3. IL-2 therapy can be considered for those with small brain metastatic lesions and no significant edema around the tumor. Multi-drug combination regimens and high-dose IL-2 therapy are complicated to handle and have high toxic side effects, and must be carried out in centers with extensive experience. Resection and/or radiotherapy may be considered for asymptomatic brain metastases, and palliative resection and/or radiotherapy or best supportive care for symptomatic patients.
According to the National Comprehensive Cancer Network (NCCN) melanoma guidelines, and taking into account the clinical reality and relevant evidence-based medical evidence in China, the Melanoma Expert Committee of the Chinese Society of Clinical Oncology Collaborative Specialty Committee (CSCO) formulated the “Chinese Melanoma Diagnosis and Treatment Consensus” in April 2008 as a recommendation for the treatment of Chinese melanoma patients.
In April 2011, with the gradual development of melanoma diagnosis and treatment in China and the publication of several clinical studies, the CSCO Melanoma Expert Committee formulated the “Chinese Melanoma Diagnosis and Treatment Guidelines (2009 Edition)” with reference to the NCCN guidelines and the actual situation in China, and promoted its use in clinical practice. In April 2011, with the publication of several clinical studies on postoperative high-dose interferon adjuvant therapy and imatinib for c-kit mutation melanoma patients, the CSCO Melanoma Expert Committee revised the 2009 edition of the Chinese Melanoma Diagnosis and Treatment Guidelines.

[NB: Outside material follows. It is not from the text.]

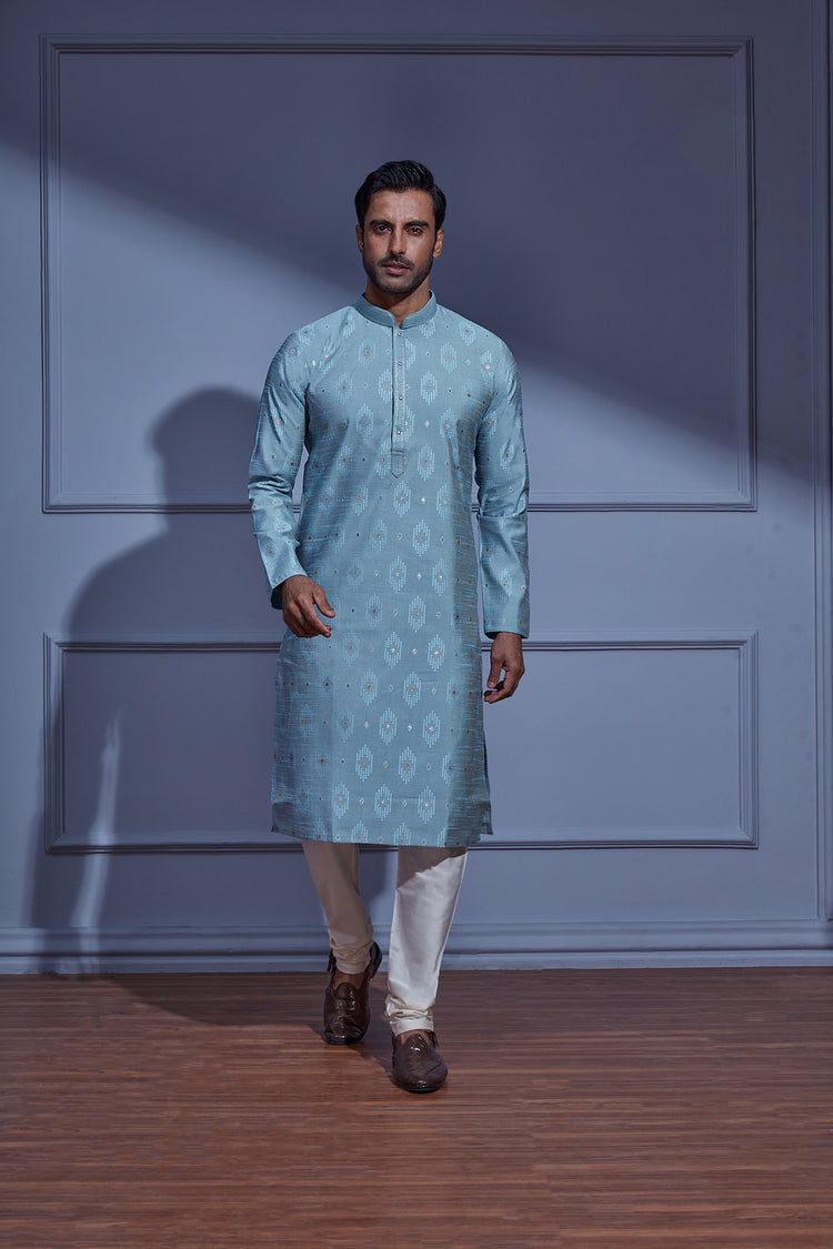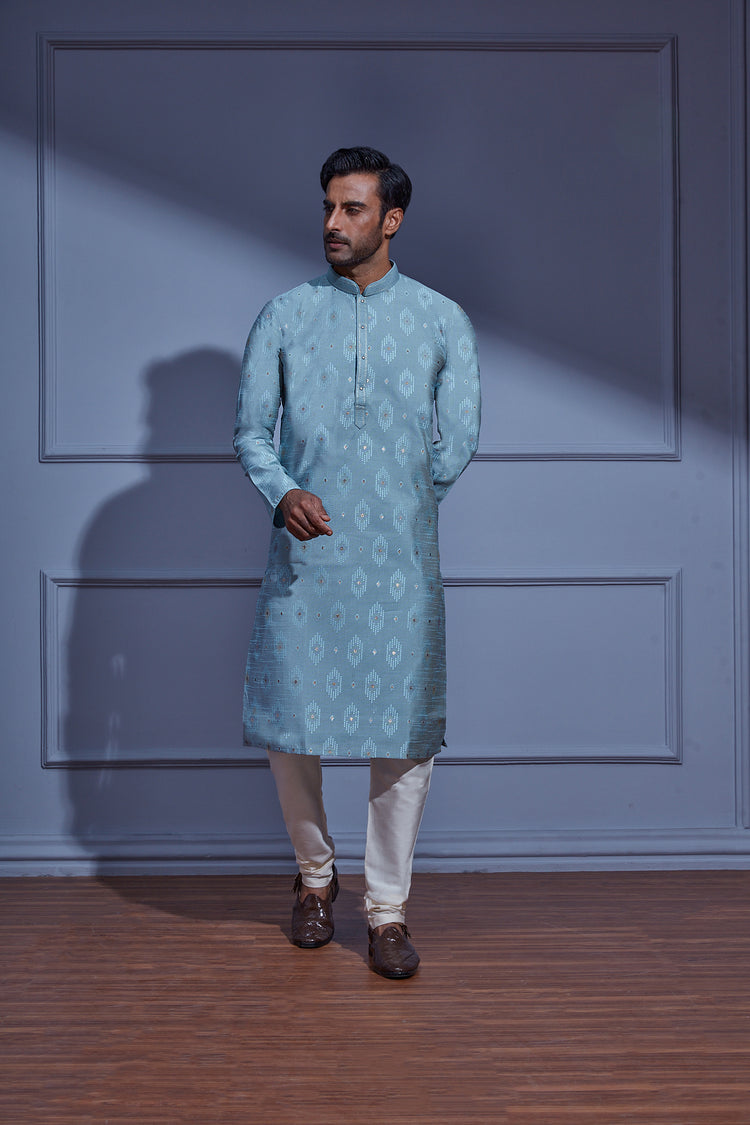 Indulge in sophistication with this Afternoon Sky Blue Kurta Set, featuring a delightful all over spread of sequins atop small prints on poly-blended jacquard fabric. The ensemble is elevated by an embroidered collar and neckline, perfectly paired with a cream Chudidar for a refined look.

Interpretation of the new edition of the Chinese Melanoma Diagnosis and Treatment Guidelines
Epidemiology: New epidemiology, morbidity characteristics and prognostic features of melanoma in China have been added, pointing out that the characteristics of patients in China, such as high proportion of primary focal ulcers, deep thickness, and pathological types mainly of limbal and mucosal melanoma, are obviously different from those of patients in Europe and America, but data on large-scale studies of limbal and mucosal melanoma are still relatively lacking.

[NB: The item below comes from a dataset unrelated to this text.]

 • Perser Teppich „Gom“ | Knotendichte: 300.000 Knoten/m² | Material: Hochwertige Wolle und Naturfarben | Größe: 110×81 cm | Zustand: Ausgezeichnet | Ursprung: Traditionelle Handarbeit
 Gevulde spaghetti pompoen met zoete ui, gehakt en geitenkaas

Pathology: new staging and Chinese melanoma gene mutations have been added. Recent studies have shown that certain types of melanoma are associated with specific genetic variants, leading to the classification of five types: limbic, mucosal, chronic sun-damaged (CSD), non-CSD, and unknown primary lesion (which can also be classified as non-chronic sun-damaged). For the limbic and mucosal types, which are common in China, patients have more KIT gene variants, followed by BRAF mutations. This typing facilitates subsequent treatment planning and accurate patient prognosis.

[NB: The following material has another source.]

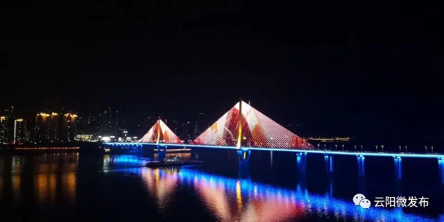 同時,云陽長江大橋不僅是交通要道,也是云陽一道美麗的風(fēng)景線。每當(dāng)夜幕降臨,大橋上美輪美奐的“燈光秀”為城市增添了色彩。但施工期間長江大橋景觀照明燈飾及路燈也將實施整體關(guān)閉,2020年底恢復(fù)亮燈。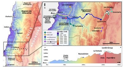 Location of a conceptual multi-user, desalination water network in relation to infrastructure and potential customers in the Huasco valley region of the southern Atacama, Chile (CNW Group/Hot Chili Limited)

Radiotherapy is recommended with reference to NCCN guidelines, and Chinese guidelines also provide recommendations for radiotherapy for Chinese patients, but the benefit of postoperative radiotherapy remains controversial based on the results of several studies on patient survival after radiotherapy.
Adjuvant therapy: Chinese practice experience has been added, and for limbal melanoma, 1 year of high-dose interferon therapy is recommended (1500 wiu/m2, days 1-5 for 4 weeks; 900 wiu, 3 times a week for 11 months); for patients with stage IIIB-IIIC and ≥3 metastatic lymph nodes, a 1-year regimen is more beneficial (Class 2 evidence).
Other: for systemic treatment of patients with progressive or metastatic melanoma, new Chinese clinical trial evidence was added, and treatment with imatinib 400 mg once daily is recommended for patients with concomitant KIT mutations or amplifications (Class 2 evidence). Other treatment options (e.g., ipilimumab, etc.) were primarily informed by foreign clinical evidence.